2.5 Op 15 april 2016 is de consument onderzocht door de bindend adviseur. Op 13 januari 2017 heeft de bindend adviseur zijn concept van het geneeskundig deel A van zijn rapport (met de ziektegeschiedenis, de aanvullende anamnese, de huidige klachten, dossierinformatie over de voorafgaande klachtprocedure en de bevindingen op grond van lichamelijk onderzoek) toegezonden aan de consument en hem in de gelegenheid gesteld om dit concept van zijn opmerkingen te voorzien. De consument heeft daar gebruik van gemaakt met hulp van de door hem ingeschakelde revalidatie- en verzekeringsgeneeskundige, hierna te noemen ‘de deskundige’. De bindend adviseur heeft op 9 februari 2017 laten weten dat hij alle aangeleverde informatie van de consument heeft verwerkt in zijn concept. Op
17 februari 2017 heeft de bindend adviseur gerapporteerd aan partijen.
2.6 In zijn rapportage vermeldt de bindend adviseur alle medische documentatie die hij ter inzage heeft gekregen. Hij beschrijft uitgebreid de ziektegeschiedenis van de consument met daarbij cursief de aantekeningen van de consument. In de anamnese benoemt hij alle klachten van de consument (nek, rechter schouder, lage rug, rechter heup, gehele rechterbeen en linkerhand, inclusief een dagverhaal). Onder ‘lichamelijk onderzoek’ beoordeelt hij alle in verband met voornoemde klachten relevante gewrichten en ledematen. Vervolgens bespreekt de bindend adviseur al het verrichte beeldvormende onderzoek. In de samen- vatting benoemt hij alle claimklachten van de consument. Daarbij geeft hij aan dat de expertise zich beperkt tot de gevolgen van de mishandeling op 1 januari 2012 en dat gecorrigeerd moet worden voor eventuele klachten en/of afwijkingen die op dat moment al bestonden. Tevens geeft hij aan dat de klachten vanaf 2012 in de beleving van de consument niet los kunnen worden gezien van eerder ontstane ongevalsklachten.

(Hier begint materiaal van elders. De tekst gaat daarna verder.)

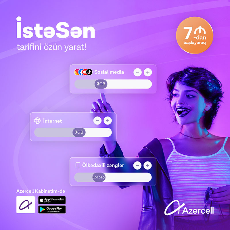 Xatırladaq ki, “IstəSən” tarifi abunəçilərin sərbəst dizayn edə biləcək ilk və yeganə rəqəmsal tarifdir və bura ölkədaxili dəqiqələr, ümumi internet və Instagram, Facebook, YouTube və TikTok kimi əlavə internet paketləri daxildir. Tarifin qiyməti əsas paketin üzərinə edilən əlavələrə əsasən dəyişir və artırdıqca daha sərfəli olur. Tarif dizaynına dəyişiklikləri yalnız özünəxidmət tətbiqi olan “Kabinetim”-də etmək olar.

De bindend adviseur becommentarieert achtereenvolgens de claimklachten van de consument. Hij concludeert dat voor geen enkele klacht, symptoom of radiologische bevinding een relatie met het ongeval onomstotelijk vast staat. De bindend adviseur maakt een onderverdeling naar aandoeningen die (1) een zeer waarschijnlijke (II) een waarschijnlijke (III) een onduidelijke
(IV) een onwaarschijnlijke en (V) een zeer onwaarschijnlijke relatie hebben met het ongeval.
2.7 Onder (I) rubriceert de bindend adviseur het letsel aan de wijsvinger en geeft gemotiveerd aan dat dit leidt tot een percentage van 8% blijvende invaliditeit van de wijsvinger.

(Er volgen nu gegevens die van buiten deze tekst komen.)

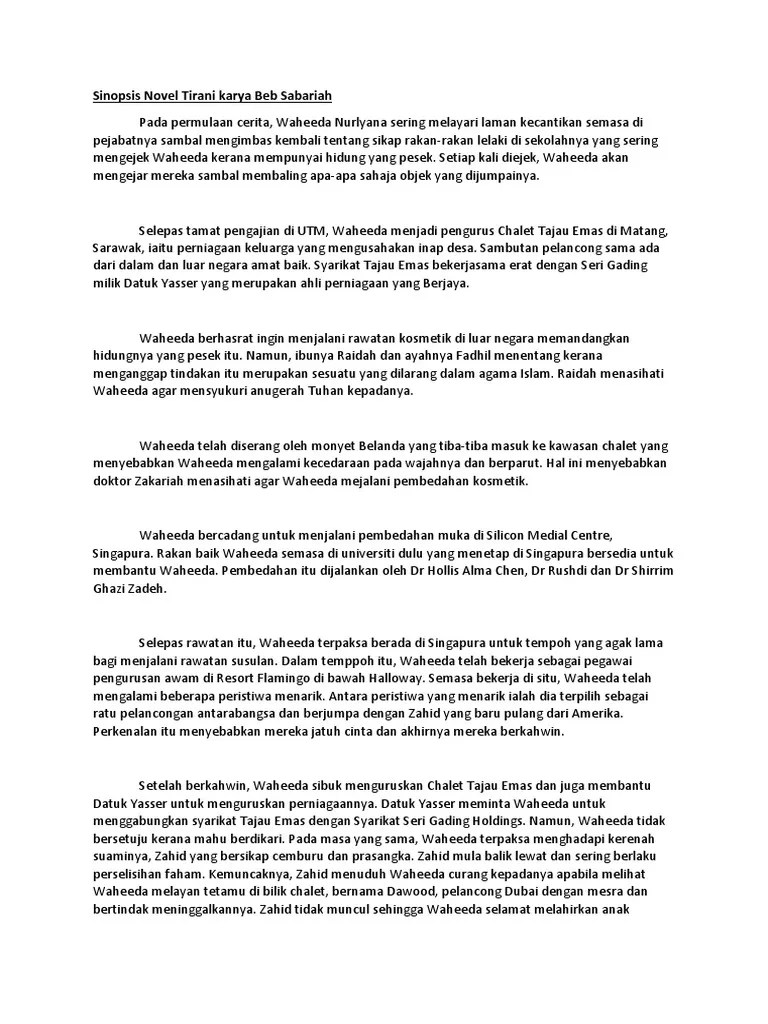 Peristiwa menarik pada bahagian peleraian novel ini. Novel tirani ( beb sabariah) sinopsis keseluruhan tirani mengisahkan tentang. Selain itu, keistimewaan novel tirani yang boleh menarik perhatian pembaca ialah dari segi pemaparan perwatakan watak utama iaitu waheeda. Tirani tugasan 3 banyak peristiwa yang dipaparkan dalam novel mengandungi . (novel tirani ) peristiwa menarik pertama pada bahagian permulaan dalam novel tirani . L peristiwa dalam novel tirani yang boleh dijadikan teladan dan alasan 1 from.

Onder (II) rubriceert hij de motorische en sensibele afwijkingen van de linkerhand. Deze afwijkingen honoreert hij met 3% blijvende invaliditeit van de gehele mens (whole person impairment (WPI)). Ook de verergering van de lumbale rugklachten (facetartrose) rubriceert hij onder (II). Deze artrose leidt tot een WPI van 9%. Echter hiervóór bestond al een WPI van 8%. Aan het ongeval schrijft hij dan uiteindelijk 1% toe.
In (III) rubriceert hij een cyste in het hoofd. Daarvan geeft hij aan dat hij niet de competenties heeft om dit te beoordelen.
Onder (IV) schaart hij de artrose van het AC-gewricht, waarvan het blijvend invaliditeitspercentage op 5% van de bovenste extremiteit wordt geschat.
Onder (V) rubriceert hij de nekklachten met een WPI van 3% en de klachten aan de heupkommen waarvoor hij een invaliditeitspercentage van 5% van de onderste extermiteit van toepassing acht. De percentages zijn door de bindend adviseur gemotiveerd toegelicht met verwijzing naar de in artikel 5 van de voorwaarden genoemde American Medical Association (A.M.A.) Guides.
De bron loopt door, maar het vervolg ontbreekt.